_Data to use_:
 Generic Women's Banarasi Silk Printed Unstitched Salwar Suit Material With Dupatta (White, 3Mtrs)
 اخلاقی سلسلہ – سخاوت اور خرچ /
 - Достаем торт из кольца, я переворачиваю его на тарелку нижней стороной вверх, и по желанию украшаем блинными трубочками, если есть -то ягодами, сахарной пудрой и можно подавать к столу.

--

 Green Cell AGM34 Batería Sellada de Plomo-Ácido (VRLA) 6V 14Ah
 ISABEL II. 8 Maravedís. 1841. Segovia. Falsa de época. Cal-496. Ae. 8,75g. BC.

_Aim of the task_: From the line holding "Green Cell AGM34" to the line holding "ISABEL II. 8", inclusive, restate each line above exactly as written.

_Answer to the exercise_:
 Green Cell AGM34 Batería Sellada de Plomo-Ácido (VRLA) 6V 14Ah
 ISABEL II. 8 Maravedís. 1841. Segovia. Falsa de época. Cal-496. Ae. 8,75g. BC.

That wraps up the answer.